Two “Smart Market” Recession Signals to Watch For: Start a free trial of The Sevens Report.


What’s in Today’s Report:

  • Follow-Up Thoughts on the Yield Curve Reversion Process – Two Signals to Watch For
  • PPI Takeaways – Will Falling Inflation Flip from a Tailwind to a Headwind?
  • NFIB Small Business Optimism Index Echoes HD Sales Concerns

U.S. stock futures are flat as traders digest yesterday’s sizeable rally ahead of today’s critical CPI release.

Overseas, the Reserve Bank of New Zealand unexpectedly cut rates overnight citing recession concerns in H2’24 while the EU GDP Flash met estimates at 0.6% y/y helping push back on imminent recession fears.

Today, market focus will be on the key U.S. inflation data due ahead of the bell: CPI (E: 0.2% m/m, 3.0% y/y), Core CPI (E: 0.2% m/m, 3.2% y/y). A “cool” release will be welcomed and likely support an extension of the week-to-date gains while a “hot” print would be negative for risk assets.

There are no Fed speakers today, however there is a 4-Week Treasury Bill auction at 11:30 a.m.
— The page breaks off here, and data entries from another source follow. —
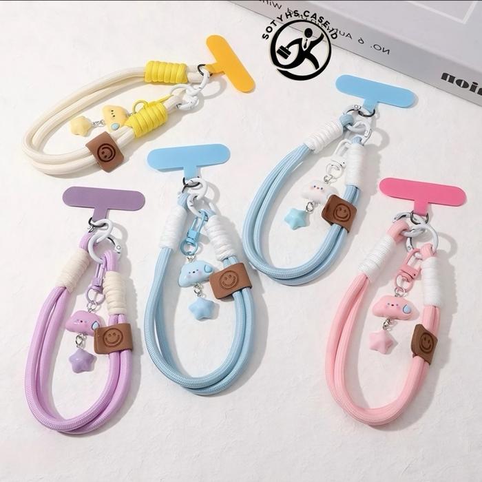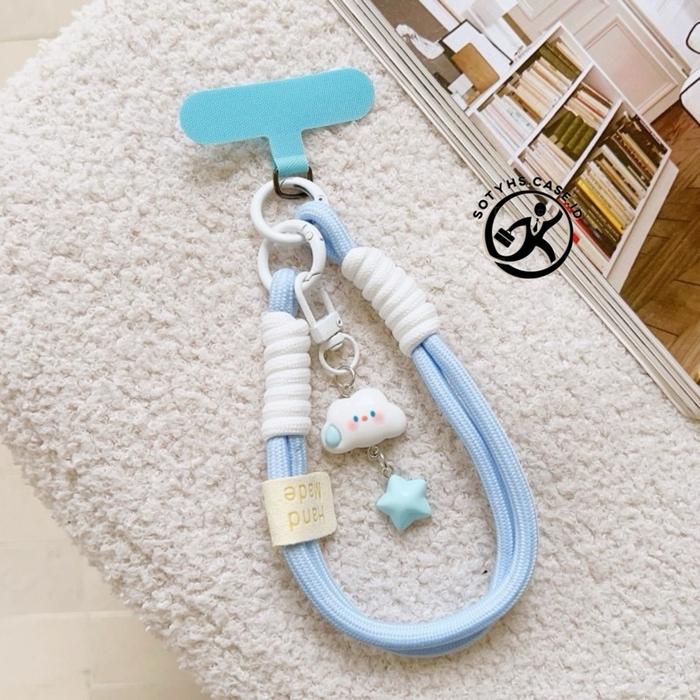 Tali HP Lanyard Universal Bisa Cross-Tangan Gantungan Hp Macaron Motif Bintang Awan - PS-BLUE CLOUD
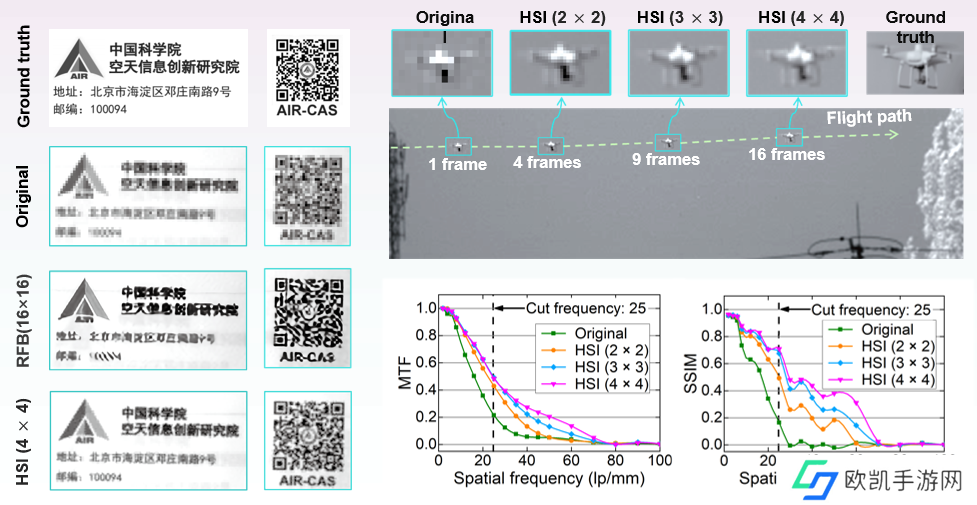 在实现原理上,空天院科研团队采用稳态激光技术扫描数字图像传感器,通过稳态光场表达式和输出图像矩阵的关联关系,精确求解出了图像传感器像素内量子效率分布。当使用相机拍摄动态目标,或者移动相机拍摄静态场景时,利用获取的像素内量子效率和像素细分算法,即可以突破原始像素分辨率,实现超采样成像。据悉,稳态激光技术是由该团队首创的锋芒稳态激光技术演化而来,在原理上具有极稳定的光场形式。
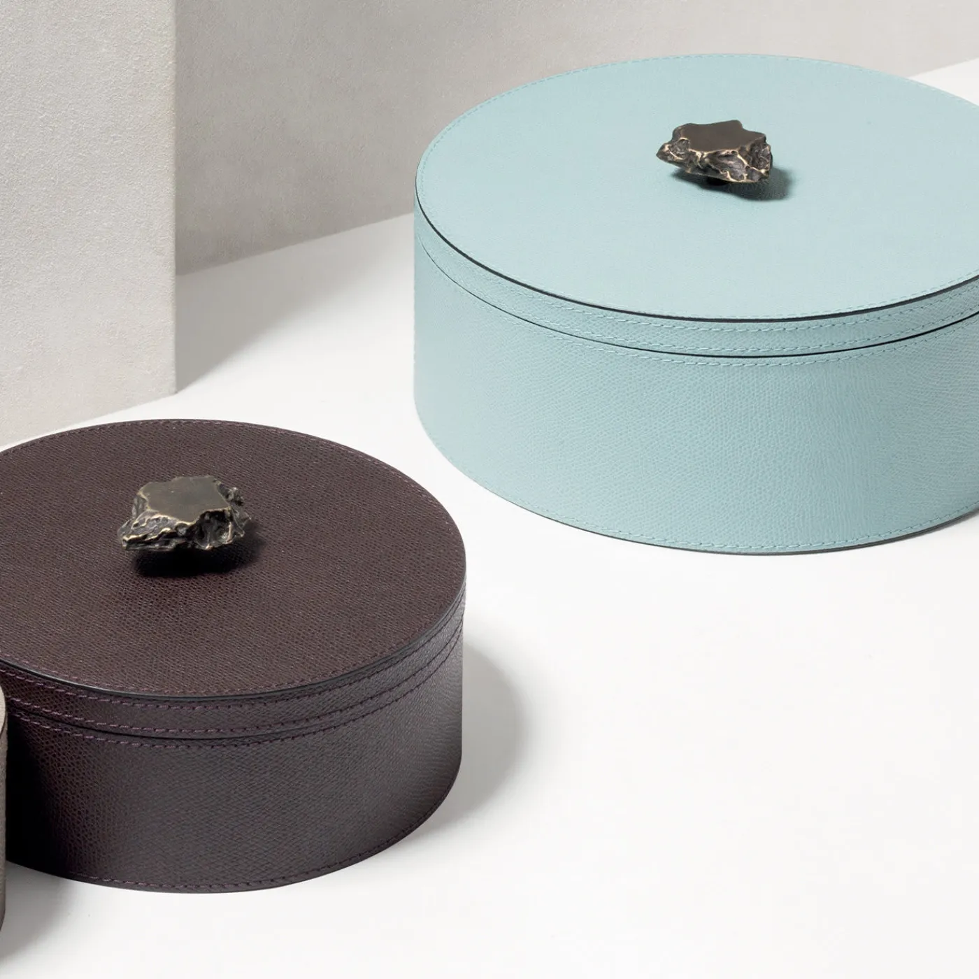 Questo sofisticato cofanetto, perfetto per riporre oggetti di valore, ninnoli o gioielli, sarà un regalo gradito per una persona cara. Realizzato a mano in pelle scamosciata blu chiaro, il coperchio rimovibile è impreziosito da un pomello in metallo con una calda finitura bronzo che rappresenta il motivo distintivo della collezione Ambretta.
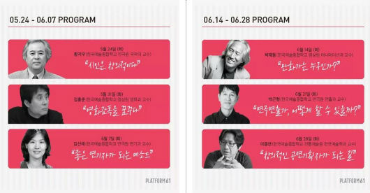 교수진은 「플랫폼 창동 61」의 총괄예술감독인 이동연(한국예술종합학교 전통예술원 한국예술학과교수)을 비롯해 김홍준(한국예술종합학교 영상원 영화과 교수), 김선애(한국예술종합학교 연극원 연기과 교수), 박재동(한국예술종합학교 영상원 애니메이션과 교수), 박근형(한국예술종합학교 연극원 연출과 교수) 등이 진행한다.

ET which normally wouldn’t pique investors interest, but this one lines up with the September Fed meeting and could shed light on the market’s policy rate expectations.

Finally, earnings season continues to wind down with a few noteworthy companies reporting today including: CAH (E: $1.72), UBS (E: $0.12), TCEHY (E: $0.61), CSCO (E: $0.85).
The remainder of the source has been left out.